Erwerbsunfähig wegen psychischer Erkrankung: Gericht verschärft Bewertungsmaßstab

13.1.2026 – Das Landessozialgericht Baden-Württemberg entschied in einem aktuellen Urteil, dass bei der Beurteilung eines Anspruchs auf Erwerbsminderungsrente auch die gesamte Lebensführung eines gesetzlich Rentenversicherten berücksichtigt werden muss. Arbeitsrechtsexperten sehen den Tenor kritisch, da nun auch der private Lebensbericht des Betroffenen in die Bewertung einfließt.

Ein 1966 geborener Mann ohne abgeschlossene Berufsausbildung war zuletzt als Textilarbeiter tätig. Mit kurzen Unterbrechungen war er seit Juni 2001 arbeitslos und bezog Leistungen zur Sicherung des Lebensunterhalts nach dem SGB II – umgangssprachlich Hartz IV beziehungsweise Bürgergeld.

Antrag auf Erwerbsminderungsrente hatte zweimal keinen Erfolg

Der Antrag auf Gewährung einer Erwerbsminderungsrente war bereits zweimal erfolglos geblieben. In den Jahren 2011 und 2014 beantragte der Mann eine entsprechende Leistung bei der gesetzlichen Rentenversicherung. Beide Anträge wurden abgelehnt.

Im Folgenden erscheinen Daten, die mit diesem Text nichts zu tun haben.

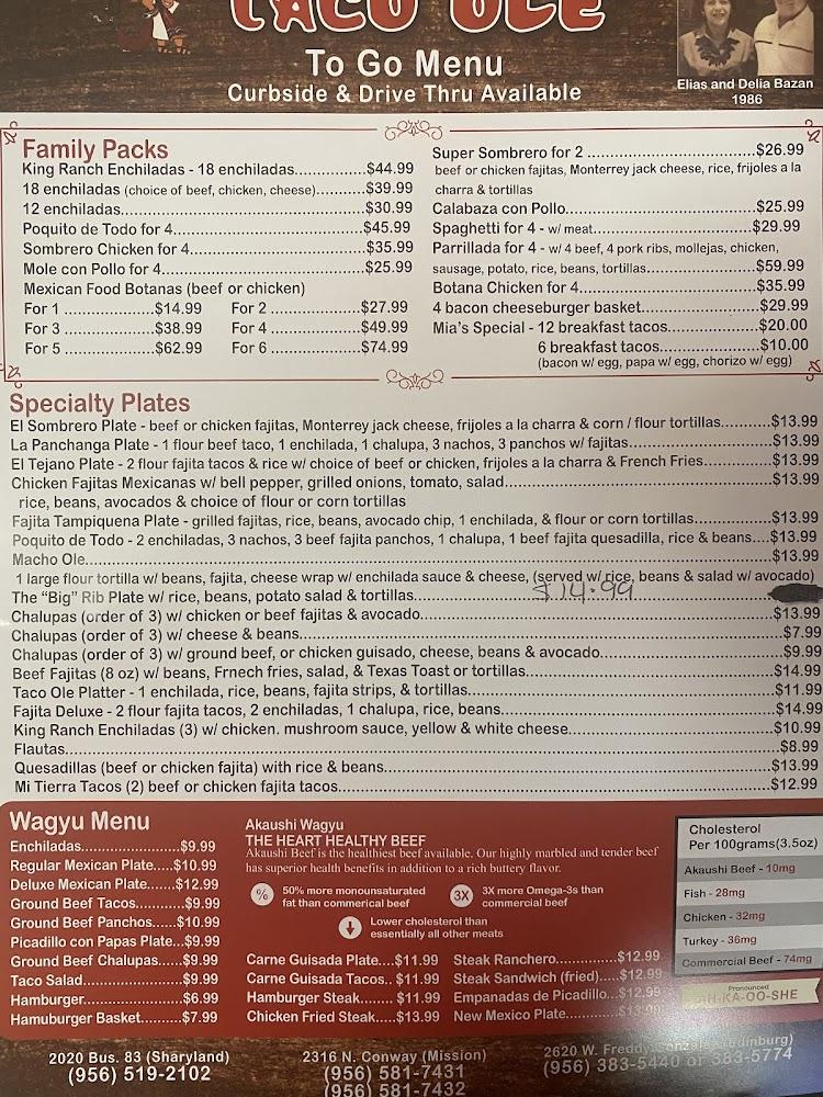 Taco Ole features a diverse menu that offers something for everyone. Breakfast includes favorites like Papas Con Huevo and Chorizo Con Huevo tacos. Lunch and dinner dishes shine with Chicken Enchiladas and Ranchero Steak. Their traditional soups, like Menudo and Caldo Tlalpeno, warm the soul. Unique specialty plates combine bold flavors and traditional cooking methods. The menu also includes American favorites, such as burgers, catering to varied tastes. With so many dishes to choose from, diners can explore flavors that honor Mexican cuisine. Enjoy family packs for larger gatherings, bringing everyone together for a hearty meal.
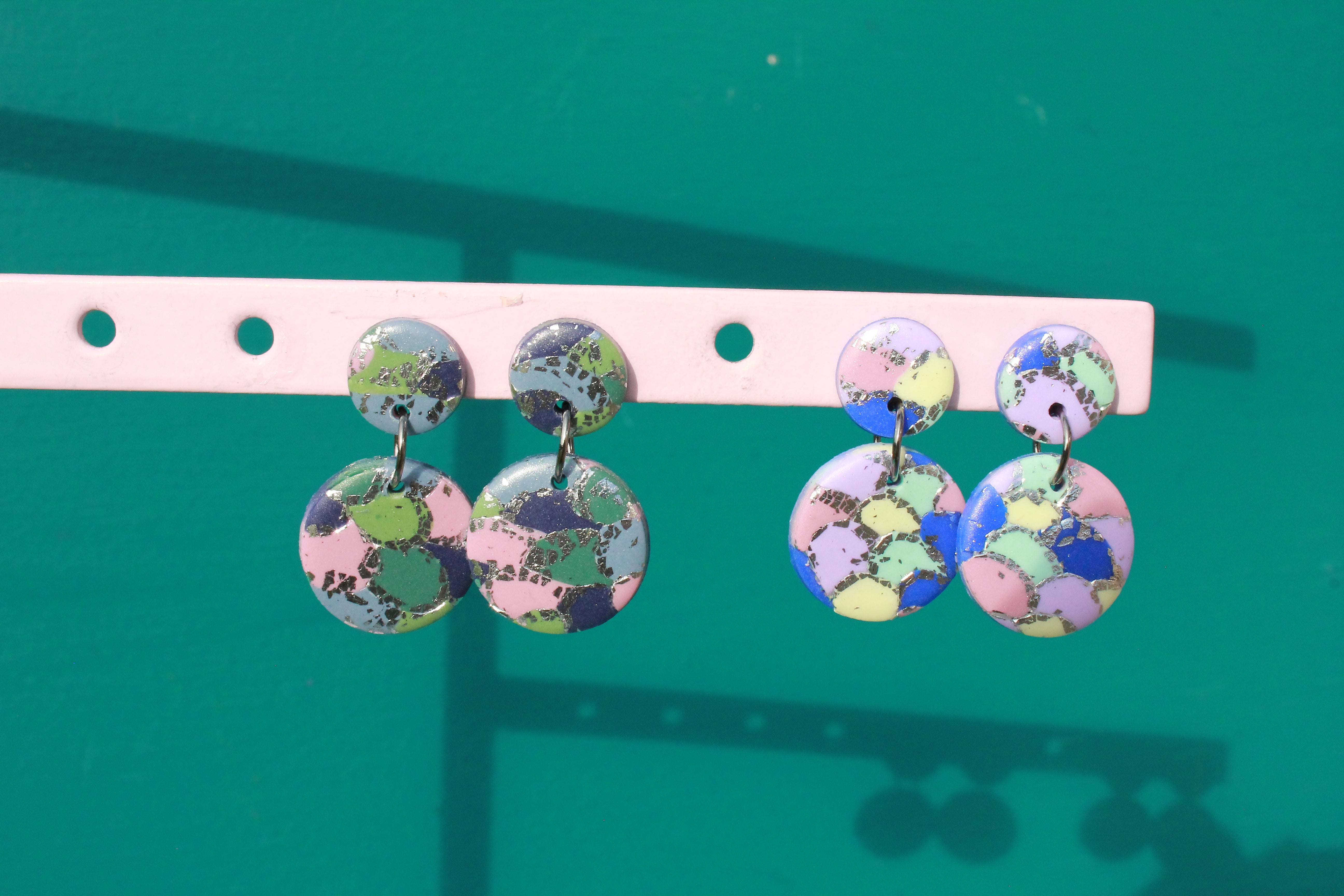 Antallet af, og områderne med farver og sælv, varierer fra øreringe til ørering, da de alle er håndlavede.

Auch die hiergegen erhobenen Klagen blieben ohne Erfolg. Das Sozialgericht Reutlingen wies die Klage mit Urteil vom 18. März 2014 (S 12 R 2372/11) ab. Zur Begründung führte das Gericht aus, der Mann könne noch mehr als sechs Stunden täglich einer Erwerbstätigkeit nachgehen.

WERBUNG

Gutachten der Rentenversicherung stellt Persönlichkeitsstörung fest

Im Dezember 2018 stellte der Mann erneut einen Antrag auf Erwerbsminderungsrente. Zur Begründung machte er Panikstörungen sowie eine Depression geltend.

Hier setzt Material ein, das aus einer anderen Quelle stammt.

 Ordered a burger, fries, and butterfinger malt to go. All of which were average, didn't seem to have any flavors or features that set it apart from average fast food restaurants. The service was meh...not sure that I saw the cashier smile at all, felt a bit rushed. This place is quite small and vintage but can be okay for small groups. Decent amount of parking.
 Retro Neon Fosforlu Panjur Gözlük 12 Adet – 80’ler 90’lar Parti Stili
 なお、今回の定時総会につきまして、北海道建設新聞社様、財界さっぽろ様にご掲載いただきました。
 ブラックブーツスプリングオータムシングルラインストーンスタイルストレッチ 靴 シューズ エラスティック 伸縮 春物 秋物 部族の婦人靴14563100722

Der Rententräger ließ den Mann medizinisch begutachten. Dabei wurden unter anderem eine generalisierte Angststörung, eine kombinierte Persönlichkeitsstörung sowie Bluthochdruck und wiederkehrende Rückenschmerzen festgestellt. Neurologische Ausfälle oder relevante Bewegungseinschränkungen lagen nicht vor.

Nach dieser sozialmedizinischen Prüfung lehnte der Rentenversicherungsträger den Antrag mit Bescheid vom 29. Januar 2019 erneut ab, da der Kläger noch mindestens sechs Stunden täglich unter den üblichen Bedingungen des allgemeinen Arbeitsmarktes erwerbstätig sein könne. Dem Mann seien zumindest leichte Tätigkeiten zuzumuten. Dagegen klagte der Textilarbeiter erneut.

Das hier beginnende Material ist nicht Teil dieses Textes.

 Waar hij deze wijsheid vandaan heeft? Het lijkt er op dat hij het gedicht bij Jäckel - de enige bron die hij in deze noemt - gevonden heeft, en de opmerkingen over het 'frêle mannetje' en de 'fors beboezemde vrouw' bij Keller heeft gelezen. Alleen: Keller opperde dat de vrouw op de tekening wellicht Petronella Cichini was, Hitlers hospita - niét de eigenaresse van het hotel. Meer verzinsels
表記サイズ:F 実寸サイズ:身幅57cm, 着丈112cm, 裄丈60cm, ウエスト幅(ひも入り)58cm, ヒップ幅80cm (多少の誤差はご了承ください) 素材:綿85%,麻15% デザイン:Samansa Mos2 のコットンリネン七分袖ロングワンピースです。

Ärzte kommen zu unterschiedlicher Einschätzung der Erwerbsfähigkeit

Das Sozialgericht Reutlingen holte Stellungnahmen der behandelnden Ärzte ein, die das Leistungsvermögen des Klägers unterschiedlich einschätzten.

Während ein Arzt ihn noch für mindestens sechs Stunden täglich arbeitsfähig hielt, sahen andere – insbesondere aus psychiatrischer Sicht – aufgrund ausgeprägter Angst- und Persönlichkeitsstörungen keine entsprechende Belastbarkeit.

Zur Klärung beauftragte das Gericht eine unabhängige nervenärztliche Sachverständige. In ihrem Gutachten kam sie zu dem Ergebnis, dass psychische Erkrankungen allenfalls möglich, jedoch nicht mit ausreichender Sicherheit feststellbar seien.

Zweifel an der Glaubwürdigkeit des Antragstellers

Die Gutachterin äußerte erhebliche Zweifel an der Glaubwürdigkeit der Angaben des Klägers. Dieser habe seine Beschwerden überzeichnet dargestellt; objektive Befunde hätten dies nicht bestätigt. Auch habe eine Medikamentenspiegelkontrolle gegen die behauptete Einnahme eines Antidepressivums gesprochen.

Eine ergänzende internistische Stellungnahme bestätigte, dass aus somatischer Sicht keine Bedenken gegen eine leichte Tätigkeit von mindestens sechs Stunden täglich bestehen.

Das Sozialgericht Reutlingen wies die Klage mit Gerichtsbescheid vom 23. Dezember 2021 (S 12 R 2598/19) ab. Eine rentenbegründende Erwerbsminderung sei nicht nachgewiesen. Maßgeblich sei das psychiatrische Fachgebiet; dort habe sich jedoch keine mit hinreichender Sicherheit feststellbare Erkrankung ergeben. Die verbleibenden Zweifel gingen zulasten des Klägers.

Erst wenn die Beeinträchtigungen durch die psychische Störung so gravierend sind, dass die Lebensführung durch sie geprägt wird, ist von einem quantitativ geminderten Leistungsvermögen auszugehen.

LSG Baden-Württemberg

Auch Landessozialgericht weist Klage ab

Auch das Landessozialgericht Baden-Württemberg verneinte mit Urteil vom 18. März 2025 (L 13 R 276/22) einen Anspruch auf eine Erwerbsminderungsrente und wies die Klage ab. Das Gericht hob dabei die hohen Anforderungen an den Nachweis einer rentenbegründenden Erwerbsminderung hervor.

Gemäß § 43 Absatz 3 SGB VI ist nicht erwerbsgemindert, wer – unabhängig von der Arbeitsmarktlage – unter den üblichen Bedingungen des Arbeitsmarktes mindestens sechs Stunden täglich erwerbstätig sein kann, so führte das LSG aus. Hierfür reiche es nicht aus, dass die berufliche Leistungsfähigkeit eingeschränkt sei.

Der Nachweis, dass die Tatsachen für teilweise oder volle Erwerbsunfähigkeit vorliegen, muss im Wege des Vollbeweises geführt werden, erklärt die Berufungsinstanz weiter. Vom Vorliegen der entscheidungserheblichen Tatsachen müsse insoweit mit an Sicherheit grenzender Wahrscheinlichkeit ausgegangen werden können, bloße Zweifel an der Erwerbsfähigkeit genügen hierfür nicht.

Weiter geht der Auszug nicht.